Experiments & Results: Shifting the Frontier
The results on ADE20K semantic segmentation are the most telling.
- Accuracy: CanViT-B achieves 38.5% mIoU in one glimpse, rising to 45.9% with more views.
- Efficiency: It outperforms the previous SOTA (AME) which only reached 27.6% mIoU despite using massive amounts of compute.
- Policy Agnosticism: Even with "Fine-to-Coarse" (a deliberately bad policy), CanViT still beats prior models, proving that the architecture, not the search strategy, was the missing link.

Inference Latency
On an RTX 4090, CanViT maintains ~2.4ms per forward pass even as the virtual scene resolution grows, whereas standard ViTs (like DINOv3) grow quadratically, reaching 93ms at high resolutions. This makes CanViT a prime candidate for real-time robotics.

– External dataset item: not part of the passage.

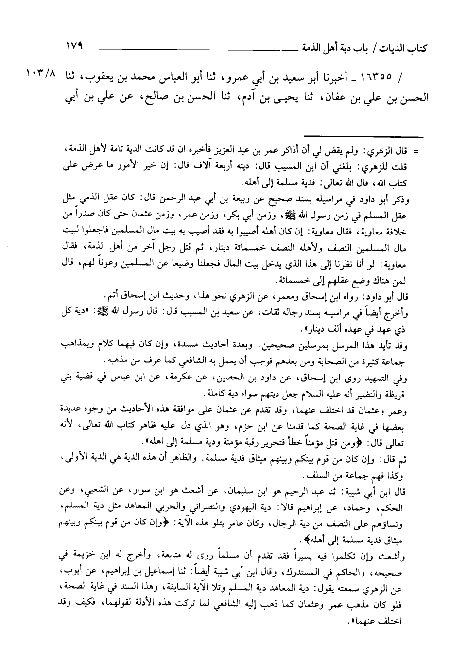 16355 - أَخْبَرَنَا أَبُو سَعِيدِ بْنُ أَبِي عَمْرٍو، ثنا أَبُو الْعَبَّاسِ مُحَمَّدُ بْنُ يَعْقُوبَ، ثنا الْحَسَنُ بْنُ عَلِيِّ بْنِ عَفَّانَ، ثنا يَحْيَى بْنُ آدَمَ، ثنا الْحَسَنُ بْنُ صَالِحٍ، عَنْ عَلِيِّ بْنِ أَبِي -[180]- طَلْحَةَ، عَنِ الْقَاسِمِ بْنِ عَبْدِ الرَّحْمَنِ، عَنْ عَبْدِ اللهِ بْنِ مَسْعُودٍ، رَضِيَ اللهُ عَنْهُ قَالَ: §مَنْ كَانَ لَهُ عَهْدٌ أَوْ ذِمَّةٌ فَدِيَتُهُ دِيَةُ الْمُسْلِمِ هَذَا مُنْقَطِعٌ وَمَوْقُوفٌ

Critical Analysis & Conclusion
CanViT effectively "solves" the architectural scaling problem for active vision. By showing that latent distillation from passive models works for active ones, it opens the door for Active-Vision Foundation Models.
Limitations:
- The model currently relies on a passive teacher (DINOv3).
- It has been tested primarily on static images; its performance in highly dynamic temporal environments (video) remains an open question for future "Embodied CanViT" versions.
Takeaway: If you want efficient, high-resolution scene understanding, stop looking at the whole image at once. Use a canvas.